Multi-sensory Electronics-integrated Robotic Limb for Intelligent manipulation (MERLIN)

Dexterous Manipulation Sensor Integration Collaborative Robotics Data Collection

Co-initiating a collaboration between URIL and RoMeLa to develop a high-quality dexterous-hand data-collection system with joint sensors, cameras, and tactile sensing.

Key Contributions:

  • Co-initiated MERLIN as a collaboration between URIL and RoMeLa (Robotics Mechanism Laboratory)
  • Co-designed a high-quality dexterous-hand data-collection glove with joint sensors, cameras, and tactile sensing
  • Integrated and extended Python APIs on ROHand platform to replay and visualize data from the prototype glove
  • Collecting dexterous hand demonstrations with MERLIN and DexUMI and training imitation policies to compare performance across data-collection modalities

Project Goals:

  • Create comprehensive dataset of dexterous manipulation tasks
  • Compare performance of different data-collection modalities (MERLIN vs DexUMI)
  • Develop robust imitation learning policies for complex manipulation tasks

UCLA Security and Privacy Lab

Directed by Prof.

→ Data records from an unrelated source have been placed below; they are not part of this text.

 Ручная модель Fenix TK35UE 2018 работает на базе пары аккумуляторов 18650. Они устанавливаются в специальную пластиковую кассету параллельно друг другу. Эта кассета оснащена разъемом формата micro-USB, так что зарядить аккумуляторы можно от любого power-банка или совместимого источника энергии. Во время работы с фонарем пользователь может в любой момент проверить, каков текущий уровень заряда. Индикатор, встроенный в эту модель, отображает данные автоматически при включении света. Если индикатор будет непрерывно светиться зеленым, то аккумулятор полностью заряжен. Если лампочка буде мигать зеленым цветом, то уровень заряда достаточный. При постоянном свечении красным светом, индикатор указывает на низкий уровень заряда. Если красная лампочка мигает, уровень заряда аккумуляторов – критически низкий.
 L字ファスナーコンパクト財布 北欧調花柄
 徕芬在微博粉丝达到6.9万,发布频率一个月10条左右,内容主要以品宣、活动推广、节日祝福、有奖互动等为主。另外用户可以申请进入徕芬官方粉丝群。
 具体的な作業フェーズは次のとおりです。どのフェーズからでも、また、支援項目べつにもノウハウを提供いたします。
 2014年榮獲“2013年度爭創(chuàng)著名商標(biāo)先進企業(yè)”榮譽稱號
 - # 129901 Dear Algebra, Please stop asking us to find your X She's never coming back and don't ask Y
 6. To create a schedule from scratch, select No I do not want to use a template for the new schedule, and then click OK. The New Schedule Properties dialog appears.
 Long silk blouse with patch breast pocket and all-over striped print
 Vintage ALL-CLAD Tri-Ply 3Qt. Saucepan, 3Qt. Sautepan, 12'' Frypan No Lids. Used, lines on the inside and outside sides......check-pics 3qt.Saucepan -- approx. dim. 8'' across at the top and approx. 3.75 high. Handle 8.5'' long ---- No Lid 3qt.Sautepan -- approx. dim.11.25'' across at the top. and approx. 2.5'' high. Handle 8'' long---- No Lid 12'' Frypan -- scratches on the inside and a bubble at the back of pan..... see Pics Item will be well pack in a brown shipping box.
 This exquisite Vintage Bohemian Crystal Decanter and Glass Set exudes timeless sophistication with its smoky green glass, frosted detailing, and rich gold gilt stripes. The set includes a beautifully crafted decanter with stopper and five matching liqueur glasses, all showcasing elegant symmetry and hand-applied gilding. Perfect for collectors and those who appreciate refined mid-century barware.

Yuan Tian Focusing on developing secure intelligent systems and investigating vulnerabilities in AI/ML systems, particularly in the context of adversarial attacks and LLM security.

Adversarial Attack and Defense on Images

Adversarial ML Computer Vision Security Defense Mechanisms

Investigating adversarial attacks on image classification and text-to-image generation models, and developing defense mechanisms to protect against malicious manipulations.

Key Contributions:

  • Tested gradient matching & ascent algorithms to introduce unwanted results for image classification models
  • Researched the effects of Encoder and Diffusion Attack on text-to-image generation models
  • Trained a protection model adding 1.6% perturbation to an image and prevented malicious generation on the targeted image

Research Focus:

  • Attack Methods: Gradient-based attacks on classification models, encoder/diffusion attacks on generative models
  • Defense Strategies: Adversarial training, input perturbation for protection
  • Impact: Preventing malicious content generation in text-to-image systems

Security Flaws in Translation: A Study of Prompt Injection in LLM Translators

LLM Security Prompt Injection Vulnerability Analysis Defense Mechanisms

Conducting security evaluation of prompt injection vulnerabilities in LLM-based translation systems and developing detection/defense mechanisms.

Key Contributions:

  • Conducted a security evaluation of prompt injection vulnerabilities in RedNote's LLM-based translation mode
  • Engineered automated data collection scrapers to gather injection prompts from comments on test posts
  • Developed a Gemini-based analysis pipeline utilizing 3/4 of manual data for few-shot prompt analysis
  • Investigated detection and defense mechanisms by performing attention analysis on malicious prompts

Methodology:

  • Data Collection: Automated scraping of injection prompts from social media/test platforms
  • Analysis Pipeline: Gemini-based system for few-shot prompt analysis and classification
  • Defense Research: Attention analysis to understand and mitigate prompt injection attacks

Publications

2023

A robust and novel semantic segmentation deep neural network for robotic surgery vision with a single RGB camera

Shi, Y.

In Third International Conference on Artificial Intelligence and Computer Engineering (ICAICE 2022) (Vol. 12610, pp. 73-77). SPIE.